**Data for review:**
== Segment start ==

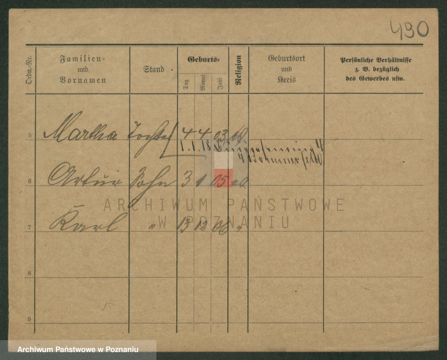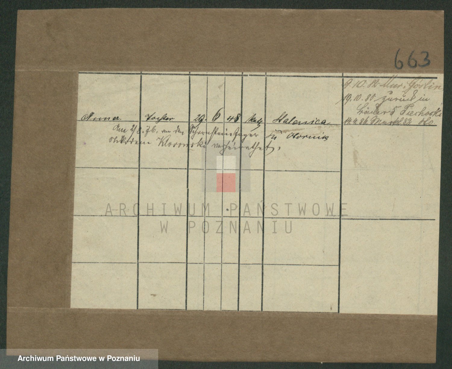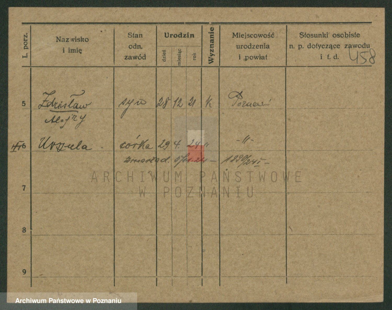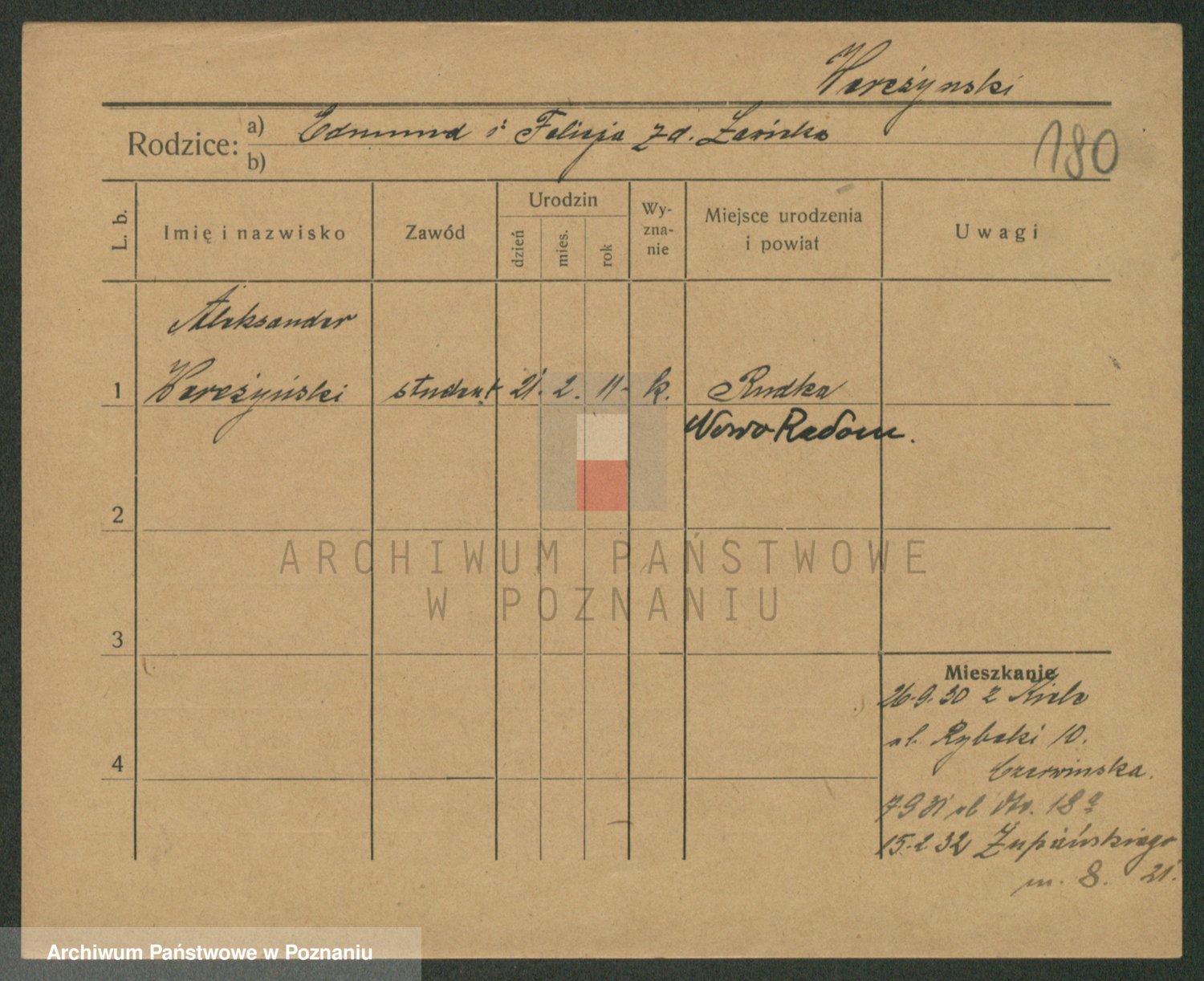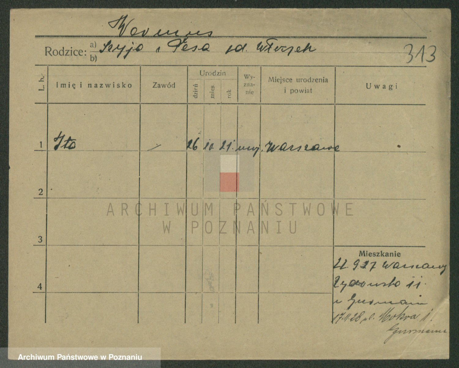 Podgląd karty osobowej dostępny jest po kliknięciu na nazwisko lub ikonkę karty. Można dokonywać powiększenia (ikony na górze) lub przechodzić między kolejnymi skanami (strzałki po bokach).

== Segment end ==
== Segment start ==

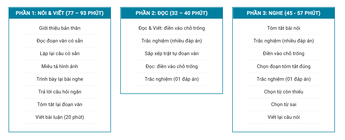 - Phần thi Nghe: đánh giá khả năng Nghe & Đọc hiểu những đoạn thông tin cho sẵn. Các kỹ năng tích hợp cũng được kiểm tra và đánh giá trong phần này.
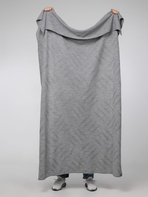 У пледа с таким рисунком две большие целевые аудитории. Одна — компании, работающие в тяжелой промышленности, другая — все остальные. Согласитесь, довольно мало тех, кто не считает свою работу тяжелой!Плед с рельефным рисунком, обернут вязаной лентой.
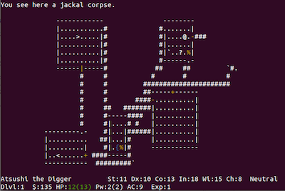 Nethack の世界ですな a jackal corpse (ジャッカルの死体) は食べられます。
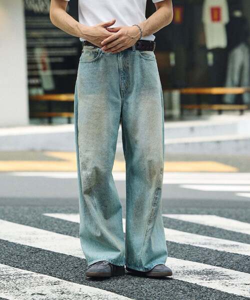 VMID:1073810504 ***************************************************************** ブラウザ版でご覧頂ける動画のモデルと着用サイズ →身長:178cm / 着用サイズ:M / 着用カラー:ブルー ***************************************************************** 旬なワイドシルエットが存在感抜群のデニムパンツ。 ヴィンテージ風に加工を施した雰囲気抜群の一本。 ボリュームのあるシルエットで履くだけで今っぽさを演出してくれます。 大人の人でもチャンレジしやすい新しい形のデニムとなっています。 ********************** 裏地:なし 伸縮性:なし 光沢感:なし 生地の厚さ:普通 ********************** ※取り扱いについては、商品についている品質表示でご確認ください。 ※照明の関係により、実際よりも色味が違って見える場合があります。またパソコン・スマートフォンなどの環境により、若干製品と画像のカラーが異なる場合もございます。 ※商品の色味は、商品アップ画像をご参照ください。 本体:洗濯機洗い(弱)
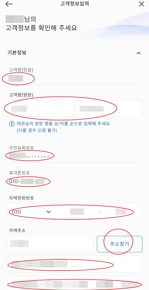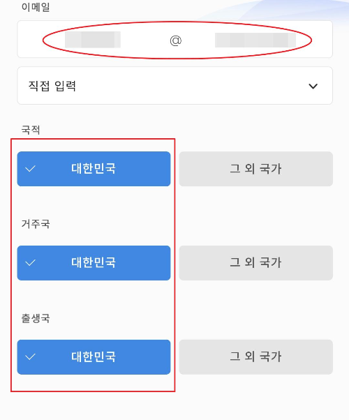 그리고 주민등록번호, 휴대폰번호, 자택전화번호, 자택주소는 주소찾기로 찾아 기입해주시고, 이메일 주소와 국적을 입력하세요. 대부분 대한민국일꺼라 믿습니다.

== Segment end ==

**Task:** Look above for the line with "У пледа с таким" and the line with "Nethack の世界ですな a", then copy exactly the lines from the first through the second, both kept, with no pictures.

**Solved problem:**
 У пледа с таким рисунком две большие целевые аудитории. Одна — компании, работающие в тяжелой промышленности, другая — все остальные. Согласитесь, довольно мало тех, кто не считает свою работу тяжелой!Плед с рельефным рисунком, обернут вязаной лентой.
 Nethack の世界ですな a jackal corpse (ジャッカルの死体) は食べられます。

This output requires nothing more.